Source records.
'''
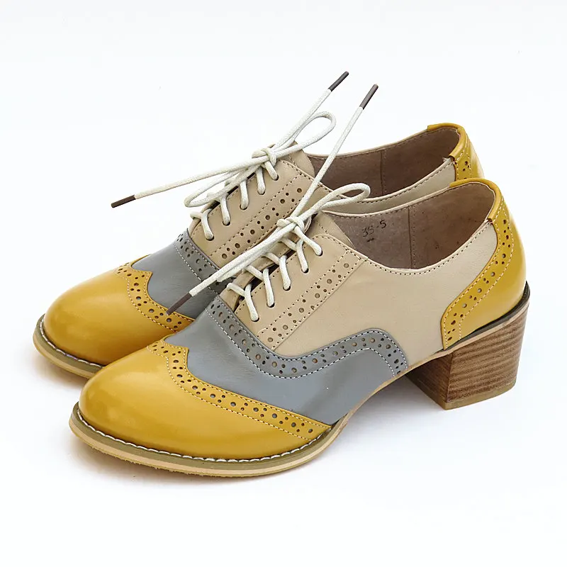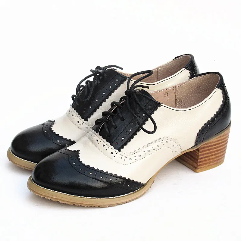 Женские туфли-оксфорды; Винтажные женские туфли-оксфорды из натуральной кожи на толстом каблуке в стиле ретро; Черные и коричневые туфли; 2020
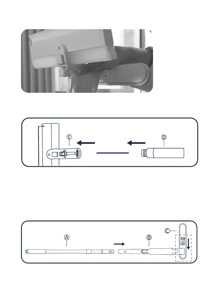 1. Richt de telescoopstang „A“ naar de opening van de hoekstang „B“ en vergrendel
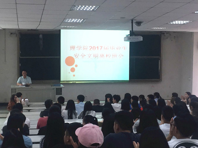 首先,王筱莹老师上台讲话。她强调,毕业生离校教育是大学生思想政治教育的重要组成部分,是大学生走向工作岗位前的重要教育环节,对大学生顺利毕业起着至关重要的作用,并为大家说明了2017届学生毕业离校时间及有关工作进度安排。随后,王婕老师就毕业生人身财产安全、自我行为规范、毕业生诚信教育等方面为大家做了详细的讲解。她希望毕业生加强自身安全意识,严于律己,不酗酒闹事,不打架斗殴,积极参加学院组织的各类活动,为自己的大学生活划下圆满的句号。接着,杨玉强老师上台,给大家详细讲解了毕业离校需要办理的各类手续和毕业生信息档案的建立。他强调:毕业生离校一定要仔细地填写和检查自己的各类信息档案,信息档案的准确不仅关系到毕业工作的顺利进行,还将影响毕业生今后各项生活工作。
'''
'''
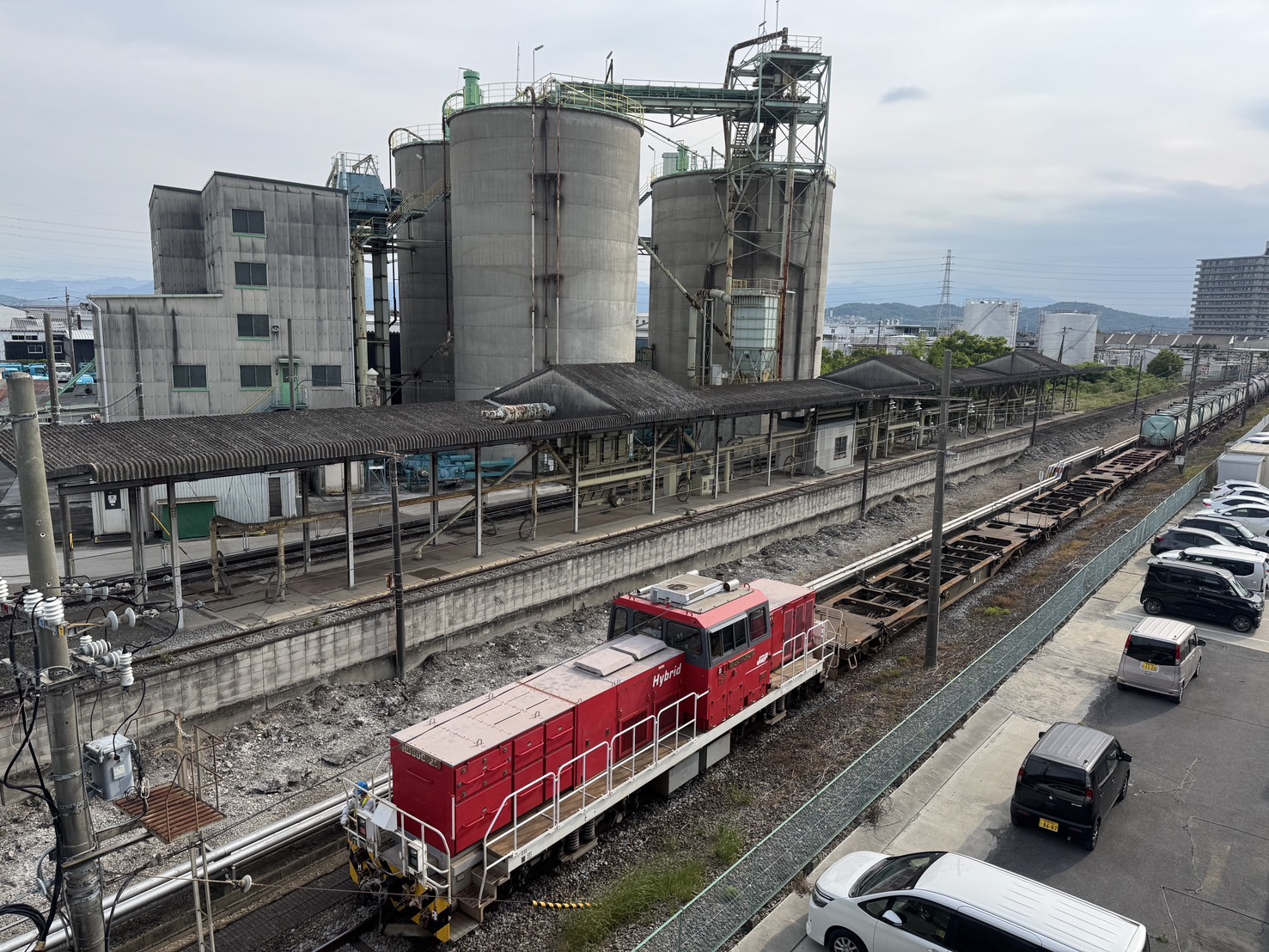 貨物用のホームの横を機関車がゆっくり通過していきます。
'''
What you are asked to do. Using the entries above, write out exactly the lines from the one with "Женские туфли-оксфорды; Винтажные" through the one with "1. Richt de", ends included. Leave out any pictures.

Answer for the task.
 Женские туфли-оксфорды; Винтажные женские туфли-оксфорды из натуральной кожи на толстом каблуке в стиле ретро; Черные и коричневые туфли; 2020
 1. Richt de telescoopstang „A“ naar de opening van de hoekstang „B“ en vergrendel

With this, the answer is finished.